Atendendo a indagação da Rede Barcos de Comunicação, a Secretaria Estadual da Cultura informou que a Igreja Nossa Senhora da Conceição, localizada em Conceição da Barra, está inscrita no Programa de Coinvestimentos Fundo a Fundo da Secult em parceria com a Prefeitura.
Estado destinou quase 590 mil reais para sua restauração, para a qual foi assinado um contrato que vale até março de 2027. A notícia aguarda, agora, manifestação da Prefeitura, que, pelo contrato, é a responsável pela licitação da obra.
O mesmo questionamento foi feito à Secult sobre a manutenção e ou restauração do antigo Trapiche, aquele prédio amarelo, também chamado de Casarão, localizado no lado sul do Cais.
O prédio foi adquirido pela Prefeitura na gestão do prefeito Jorge Donati e transformado em monumento cultural, onde foram feitas algumas promoções culturais. O prédio chegou a ser também utilizado com programações culturais na gestão seguinte, do prefeito Chicão.

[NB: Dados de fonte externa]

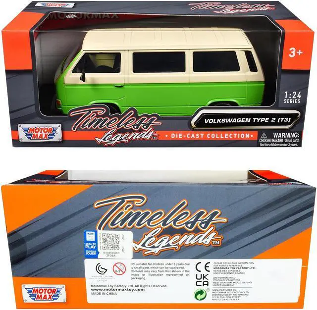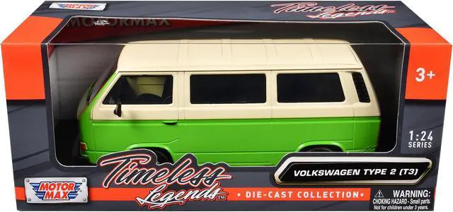 Brand new 1/24 scale diecast car model of Volkswagen Type 2 (T3) Van Green and Beige "Timeless Legends" Series die cast model car by Motormax.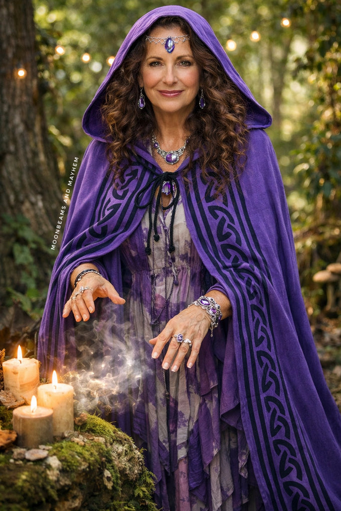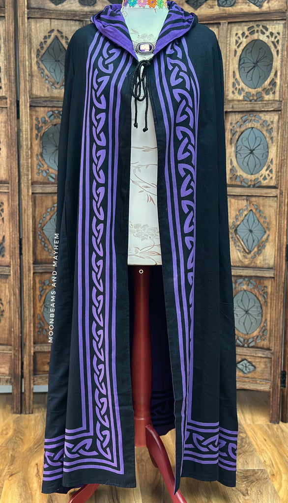 Step into your power and wrap yourself in magic with this reversible cotton Shadow & Amethyst Cape / Cloak, a piece made for moonlit wanderers, ritual keepers, and lovers of the mystical arts.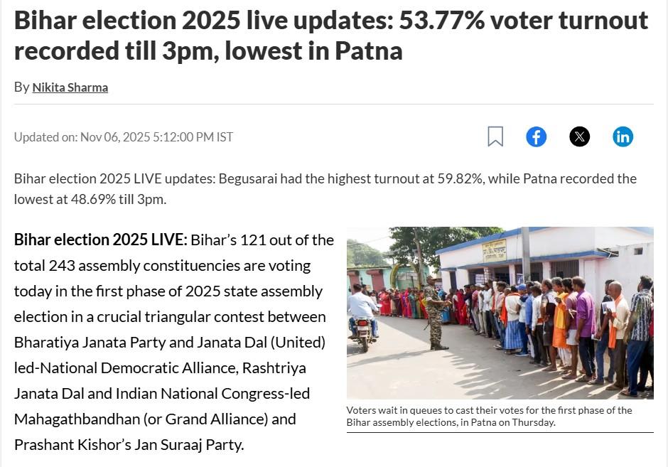 Bihar’s 121 out of the total 243 assembly constituencies are voting today in the first phase of 2025 state assembly election, Hindustan Times reports. The report calls it a crucial triangular contest between Bharatiya Janata Party and Janata Dal (United) led-National Democratic Alliance, Rashtriya Janata Dal and Indian National Congress-led Mahagathbandhan (or Grand Alliance) and Prashant Kishor’s Jan Suraaj Party. Polling started at 7 am and will conclude at 6 pm, and in some places, at 5 pm. Bihar has recorded a voter turnout of 53.77 per cent as of 3pm in the first phase of assembly elections, the report adds. Read the full report here.
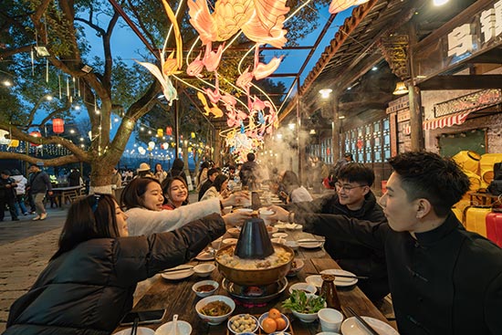 以木心先生笔下的文学意境为底色,景区在冬季“容易钟情 暖锅夜酒”主题活动基础上进行升级,于灵水居和昭明书院打造“无量贪杯新春大集”,为游客奉上一场文艺治愈的新春体验。活动围绕木心文学、暖锅夜酒、互动演艺三大核心元素,装点浓郁的新春氛围。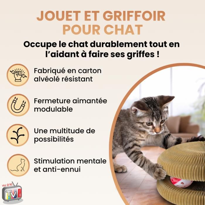 CONCEPTION INTERACTIVE: Griffoir en carton ondulé avec balle et clochette intégrées pour stimuler l'instinct de jeu de votre chat Le griffoir aide à préserver vos meubles en offrant à votre chat une alternative attrayante pour faire ses griffes. Griffoir Pour Chat - Carton Ondulé Scratcher Toys - Animalerie Griffoir Pour Chat,Bol En Griffoir Carton Chat Ovale 2 En 1,Tapis... MULTIFONCTIONNEL: Sert à la fois de zone de griffage pour l'entretien des griffes et d'aire de jeu divertissante Griffoir Pour Chat - Carton Ondulé Scratcher Toys - Animalerie PRATIQUE ET COMPACT: Structure pliable permettant un rangement facile et un transport sans encombrement ENRICHISSEMENT FÉLIN: Favorise l'exercice physique et le bien-être mental de votre chat tout en protégeant vos meubles Griffoir Pour Chat En Carton Ondulé Affûteur De Griffes Jeu Friandise Chat Un accessoire essentiel pour le bien-être de votre compagnon, combinant utilité et amusement dans un design pratique et attrayant. Fabriqué en carton ondulé robuste, ce griffoir pliable offre à votre félin un espace dédié pour satisfaire son instinct naturel de grattage. Sa conception intelligente permet de le déplacer facilement dans votre intérieur et de le ranger lorsqu'il n'est pas utilisé.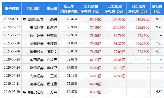 证券之星数据中心根据近三年发布的研报数据计算,华泰证券王玮嘉研究员团队对该股研究较为深入,近三年预测准确度均值高达84.09%,其预测2021年度归属净利润为盈利79.05亿,根据现价换算的预测PE为17.84。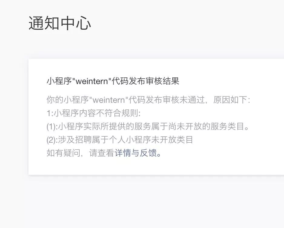 这个小程序是关于学校内部自己做的一个招聘信息查询的小程序,并不涉及到线上简历投递,简历筛选等,仅作为查询用,代码审核被退回了。因为真的是属于自己开发用来作为同学之间方便查询用的,不作为商业用途,所以这样的情况该怎么处理?麻烦了~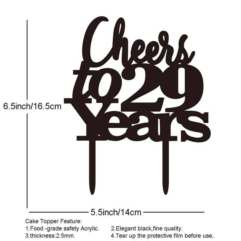 - 1.Birthday Decoration Set: This Gold 29th birthday decorations sets include everything you’ll need to celebrate the 29 birthday.Package includes- Gold 32 inch Foil Balloon(2pcs), "CHEERS TO 29 YEARS" banner (1set), latex balloons in black/white/gold color (16pcs in all), pre-filled gold confetti balloons(8pcs), Star Foil balloons(4pcs), Birthday Sash(1pcs), Arylic cake topper(1pcs Black), Gold tinsel foil curtains(1pcs), Champagne& glass(2pcs),paper Straw(2pcs)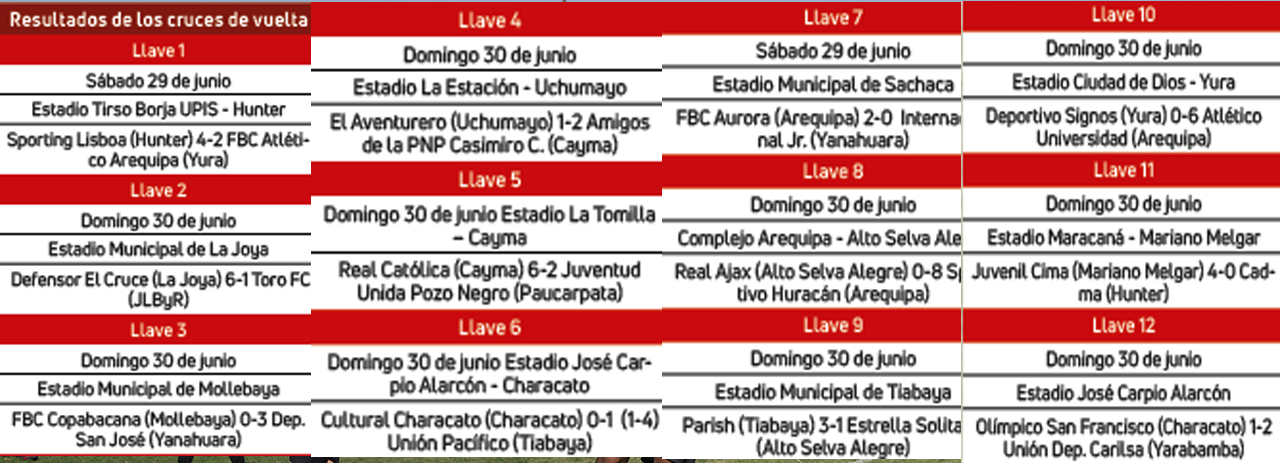 En tal sentido, el cuadro verdolaga aseguró su pasaporte a la tercera ronda, pues en la ida había vencido 2-0.  La lista de doce equipos clasificados a la siguiente fase  se completa con Sporting Lisboa (Hunter), Defensor El Cruce (La Joya), Deportivo San José (Yanahuara), Amigos de la PNP Casimiro Cuadros (Cayma), Real Católica (Cayma), Unión Pacífico (Tiabaya),  FBC Aurora (Arequipa), Parish (Tiabaya), Atlético Universidad (Arequipa), Juvenil Cima (Mariano Melgar) y Unión Deportivo Carilsa (Yarabamba).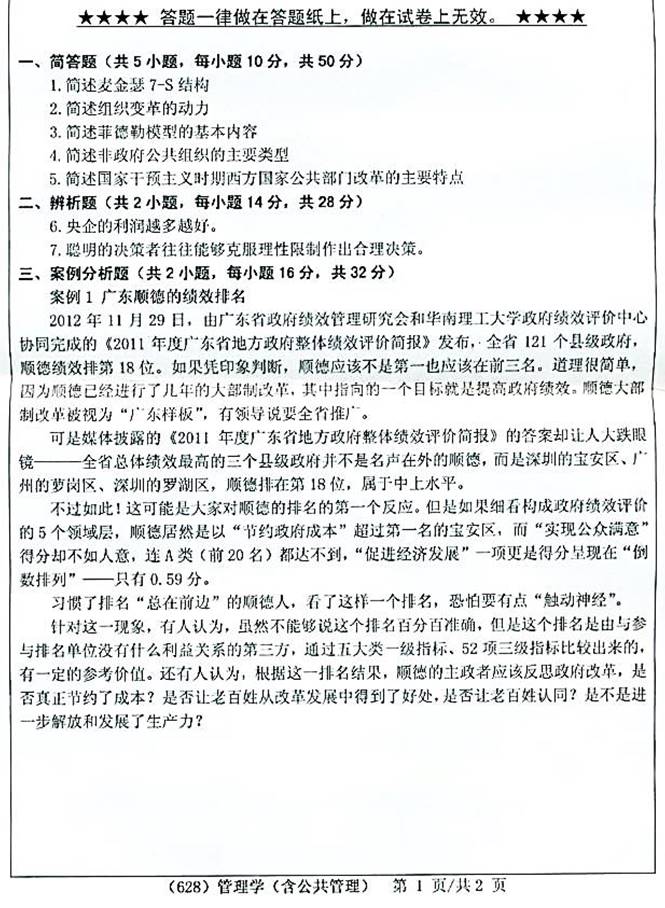1. 浙江工业大学公共管理学院《628管理学(含公共管理学)》历年考研真题汇总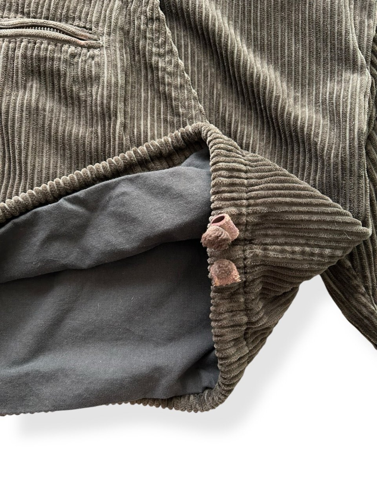 ダークブラウンの太畝コーデュロイに、裏地は薄手のコットンネルです。

Mas, surpreendentemente, na gestão seguinte, do prefeito Walyson Vasconcelos, o prédio foi abandonado e há relatos de que corre o risco até de desabar.
Segundo a Secult, o imóvel conhecido como Casarão, localizado em Conceição da Barra, não foi tombado pelo Conselho Estadual de Cultura e não recebeu recursos para sua recuperação através do programa de Coinvestimento Fundo a Fundo em parceria com os municípios e de nenhum outro programa de investimento da secretaria.
Situação idêntica acontece com o antigo projeto de travessia do Cricaré por balsa. O projeto recebeu recursos do governo do Estado para construção dos atracadouros para a balsa de travessia, mas as obras nunca foram concluídas e, segundo relatos, a maior parte concluída já está em adiantado processo de deterioração.
Conclusão da obra comprometida
Segundo o ex-prefeito Chicão, a obra parou quando o proprietário da empresa licitada para fazer as obras, faleceu e quem teria assumido seria um filho do mesmo, comprometendo a conclusão do trabalho.
Para piorar a situação, o constante assoreamento do rio exigiu mudanças no projeto original, além de nova licença ambiental.
Desde então, a obra parou e não há previsão de sua retomada. Pelo menos conforme informações de gestores das administrações passadas. Também em relação a esse caso, a Rede Barcos aguarda manifestação da atual gestão municipal.